Committee approves revised directory for worship

New guide is ‘not just for downtown first Presbyterian church’

June 22, 2016

Jennifer Burns Lewis moderates the Theological Issues and Institutions Committee meeting.

Jennifer Burns Lewis moderates the Theological Issues and Institutions Committee meeting. —Michael Whitman

Portland

After laboriously going over the  proposed new revision of the Presbyterian Church (U.S.A.)’s  Directory  for Worship line-by-line, the Theological Issues and Institutions Committee on Tuesday morning unanimously approved the 18,000-word document and sent it on to the full 222nd General Assembly (2016) for approval.

The committee’s vote was a kairos moment that brought a happy end to a 12-year process of revising the directory for the first time since 1989. Revision committee member Kristin Saldine said the revised directory is “a beautiful theological statement of our understanding of Reformed worship … that is our compass, providing bearings and directions for worship in our church.”

Joyce Lieberman, director of Constitutional Interpretation in the Office of the General Assembly, commended the new directory, calling it “a partner to the new Form of Government (ratified by the presbyteries in 2011 after passing the 2010 General Assembly)

– it is shorter, more streamlined and more permission-giving [and] less formulaic, but maintains the integrity of Reformed worship and the Constitution.”

The 2004 assembly called for a review of the worship directory with the goal of “evaluating its influence and effectiveness in guiding sessions, pastors and higher governing bodies (now called “councils”) in planning and conducting worship that is authentically Reformed and culturally appropriate.”

After reviewing the directory, a staff team from the Office of the General Assembly and the Office of Theology and Worship reported to the 2006 assembly that it would be “more accessible and helpful” if it were shorter and better organized. That assembly agreed, but delayed work on the new directory because of the ongoing review of a new Form of Government (nFOG).

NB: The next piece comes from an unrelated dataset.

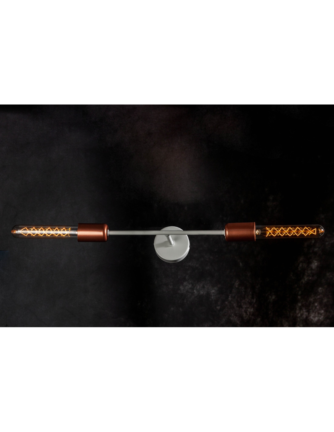Jeżeli lubisz modne i unikatowe dodatki to właśnie znalazłeś wymarzoną lampę dla siebie! Ten kinkiet spełnia podwójną rolę, może rozświetlić 12 m2 pokój przy użyciu zwykłych żarówek typu led, lub nadać wnętrzu kameralności, w tym przypadku najlepiej spełnią się żarówki węglowe.Beżowy kolor lampy wykończony elementami w kolorze miedzi wpisze się prawie w każde wnętrze:salom,kuchnia, hol, gabinet.

After the latter was approved in 2010 and ratified by the presbyteries the following year, work on the new Directory for Worship resumed. A broad consultation was held in 2013 to look at the initial draft of the document. A revised draft was presented to comment.

Another consultation was held in October 2015, and some of its suggestions were incorporated into the final proposal, which  is now before the current assembly. It received committee approval with only a few cosmetic changes.

David Gambrell, who as associate for worship in the Presbyterian Mission Agency’s Office of Theology, Evangelism and Formation, led the revision effort, said the group was guided by seven principles:

  • Uphold essentials of Reformed faith, life and worship.
  • Respond to changing contexts and congregations.
  • Provide for more flexibility and more diverse expressions.
  • Use “we” language (vs. “they”) for the people of God.
  • Streamline contents and make it more user-friendly.
  • Simplify language and rewrite the document in more accessible style.
  • Eliminate redundancy and reduce length.
  • Enhance the directory’s usefulness as a teaching document.

Gambrell said the resulting directory includes “a beefed-up section on the theology of proclamation.” He said it “is not just for ‘Downtown First Presbyterian Church,’ but for a variety of styles and expressions.”

The new directory is more permissive, he said, with only 25 “shalls” (mandatory provisions) compared to 102 in the current Directory for Worship, and has been reduced from seven chapters to five and from 27,000 words to 18,000.

Presbyterian Mission Agency Board member Marci Glass said the revised directory “does not tell me what I have to believe, but gives words to what I know to be true.”